:: Dataset content ::

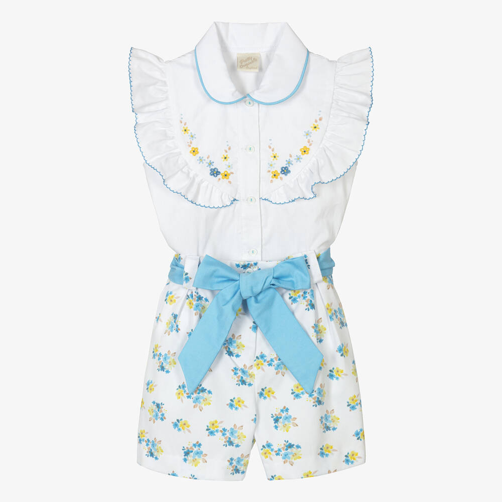 Girls white and blue buster suit by Pretty Originals, embroidered by hand with lovely blue and yellow flowers. The sleeveless blouse has a rounded collar, a ruffle-trimmed bib front and useful button fastenings on the front. The floral print shorts have a statement blue bow on the elasticated waist for a girly look. The blouse can be buttoned to the shorts to give the illusion of a neatly, tucked in look.
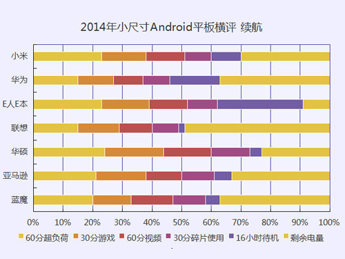 小米平板是性能怪兽,同时也是耗电能手,最终仅剩余30%的电量。亚马逊Kindle Fire HDX 7的表现与小米平板差不多。华硕MeMO Pad 8电池容量最小,最后剩余23%的电量,看来功耗控制也比小米平板强。
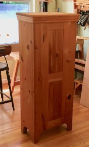 Sometimes a project just screams “You must complete me now!”. Well, that is what my latest project was saying to me. I was lucky and picked up a nice pine standing cabinet from Freecycle.org a while back and it looked like it only had one coat of polyurethane on it and the cabinet looked to be 15 or 20 years old. I knew it wold make a great addition to my shop as a paint and adhesives storage cabinet.
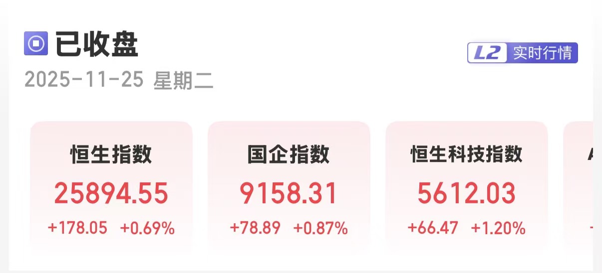 上证报中国证券网讯(卢伊记者严晓菲)11月25日,港股三大指数集体收涨。截至收盘,恒生指数涨0.69%,报25894.55点;恒生国企指数涨0.87%,报9158.31点;恒生科技指数涨1.20%,报5612.03点。

:::

Set down the complete material exactly, but do not include the images.

Solution to the exercise:
 Girls white and blue buster suit by Pretty Originals, embroidered by hand with lovely blue and yellow flowers. The sleeveless blouse has a rounded collar, a ruffle-trimmed bib front and useful button fastenings on the front. The floral print shorts have a statement blue bow on the elasticated waist for a girly look. The blouse can be buttoned to the shorts to give the illusion of a neatly, tucked in look.
 小米平板是性能怪兽,同时也是耗电能手,最终仅剩余30%的电量。亚马逊Kindle Fire HDX 7的表现与小米平板差不多。华硕MeMO Pad 8电池容量最小,最后剩余23%的电量,看来功耗控制也比小米平板强。
 Sometimes a project just screams “You must complete me now!”. Well, that is what my latest project was saying to me. I was lucky and picked up a nice pine standing cabinet from Freecycle.org a while back and it looked like it only had one coat of polyurethane on it and the cabinet looked to be 15 or 20 years old. I knew it wold make a great addition to my shop as a paint and adhesives storage cabinet.
 上证报中国证券网讯(卢伊记者严晓菲)11月25日,港股三大指数集体收涨。截至收盘,恒生指数涨0.69%,报25894.55点;恒生国企指数涨0.87%,报9158.31点;恒生科技指数涨1.20%,报5612.03点。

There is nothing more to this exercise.